→ PROBLEM TO SOLVE:
Reproduce exactly the lines from the one that holds "This is a replica" through the last line of the entries, both ends included, but not the pictures.

→ STUDY MATERIAL:
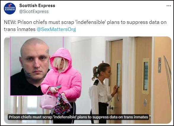 However, “Critics say the change means the SPS is deliberately avoiding legitimate scrutiny of a controversial and inherently dangerous policy… The public will in future be kept in the dark about how many potentially violent trans women – men self-identifying as female – are being allowed to serve time alongside vulnerable women”.
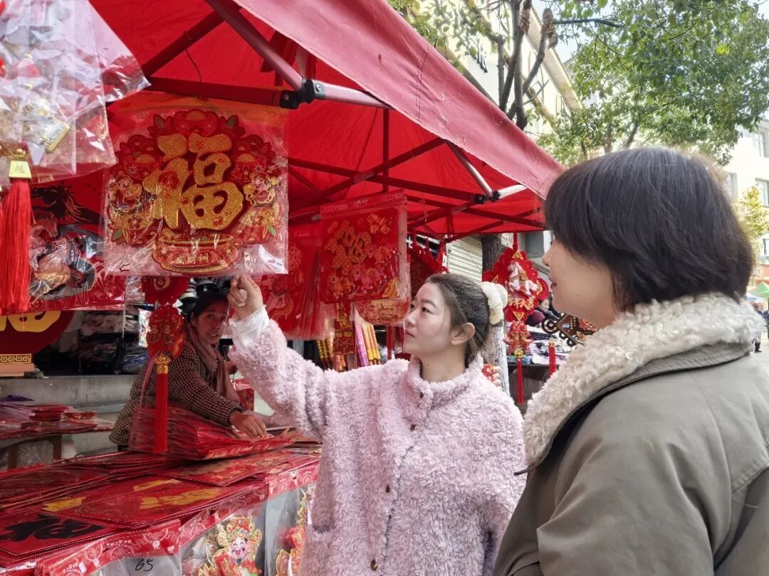 商超里,年货专区被装饰品点缀得格外亮眼。春联、福字挂满货架,粮油、肉蛋、水果、特色礼盒分区陈列,种类齐全,不少市民俯身细看,精心挑选。
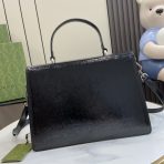 This is a replica GUCCI Dionysus medium bag in black patent leather. Silver-toned hardware. ,
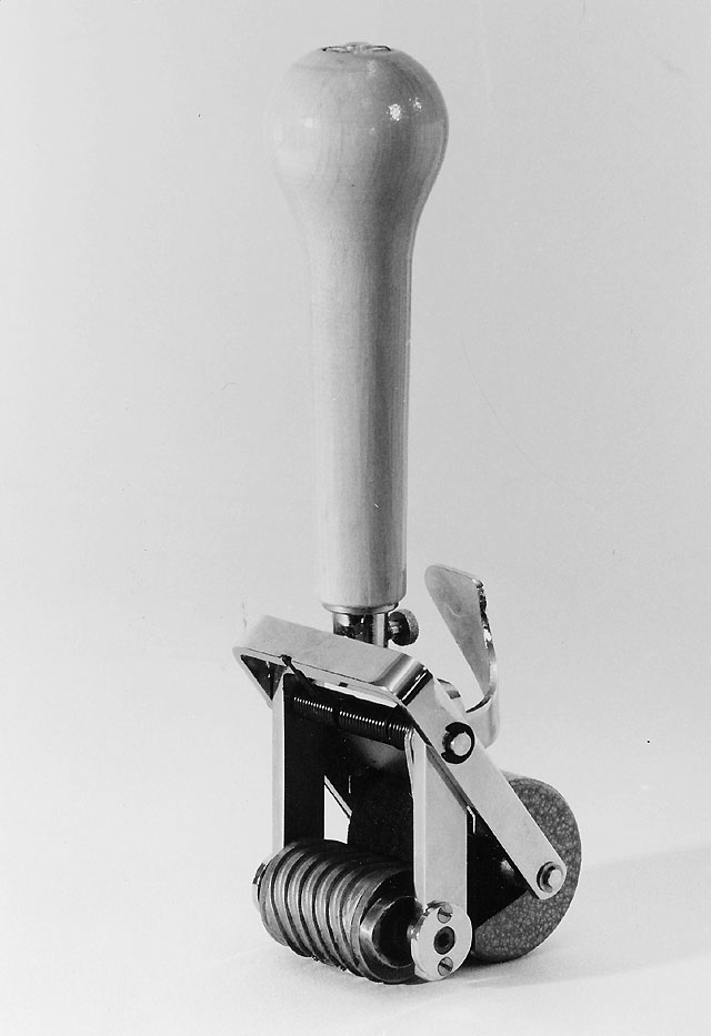 Datumstämpel, handrullstämpel av metall, med handtag av trä. Lämnar
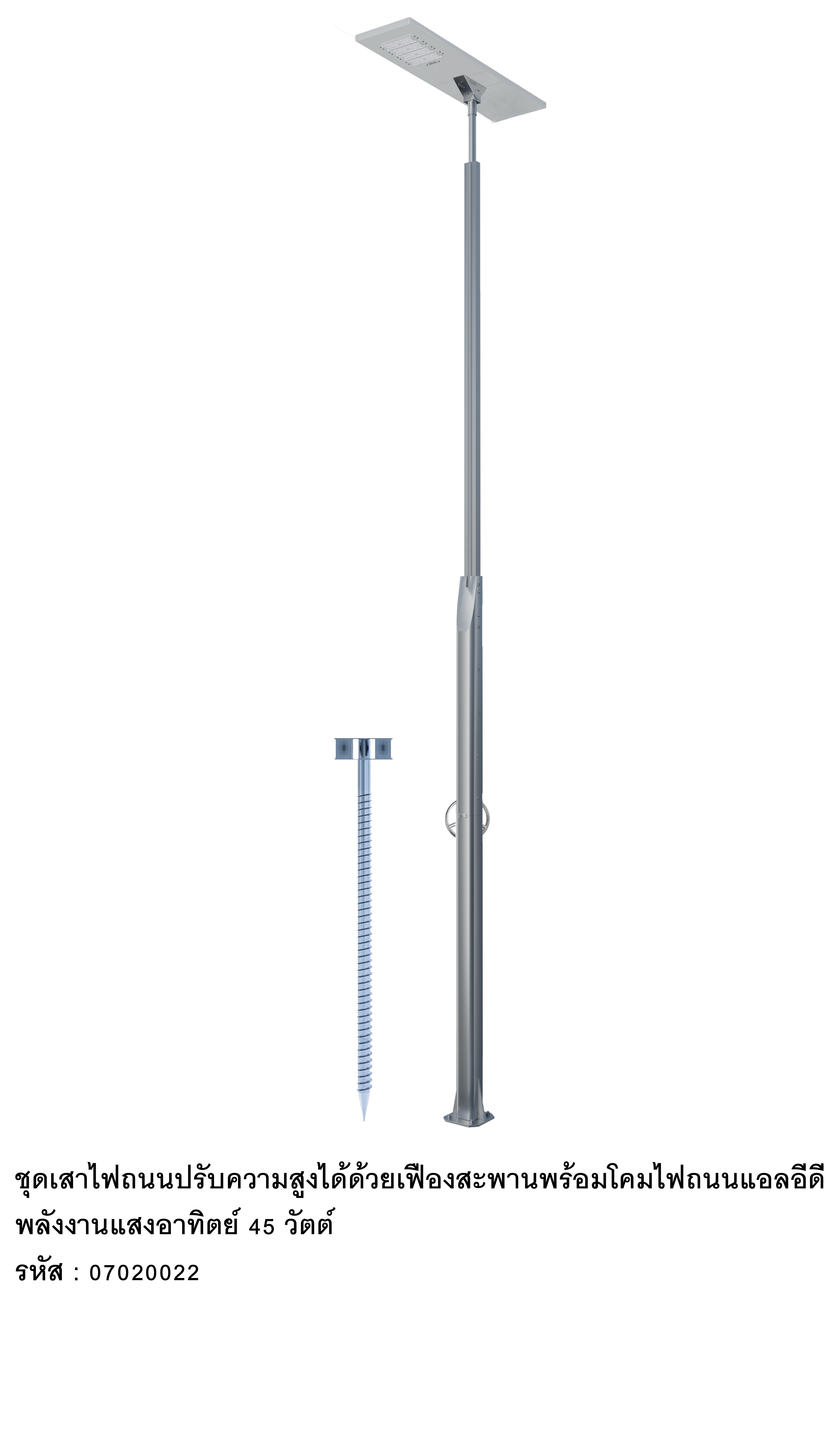 07020042 | ชื่อสามัญ: ชุดโคมไฟถนนแอลอีดีโซล่าเซลล์แบบมีกลไกบังคับเสาพร้อมเสาเข็มปีกเกลียว (Height adjustable pole and screw pile with LED solar cell street light)

→ ANSWER BELOW:
 This is a replica GUCCI Dionysus medium bag in black patent leather. Silver-toned hardware. ,
 Datumstämpel, handrullstämpel av metall, med handtag av trä. Lämnar
 07020042 | ชื่อสามัญ: ชุดโคมไฟถนนแอลอีดีโซล่าเซลล์แบบมีกลไกบังคับเสาพร้อมเสาเข็มปีกเกลียว (Height adjustable pole and screw pile with LED solar cell street light)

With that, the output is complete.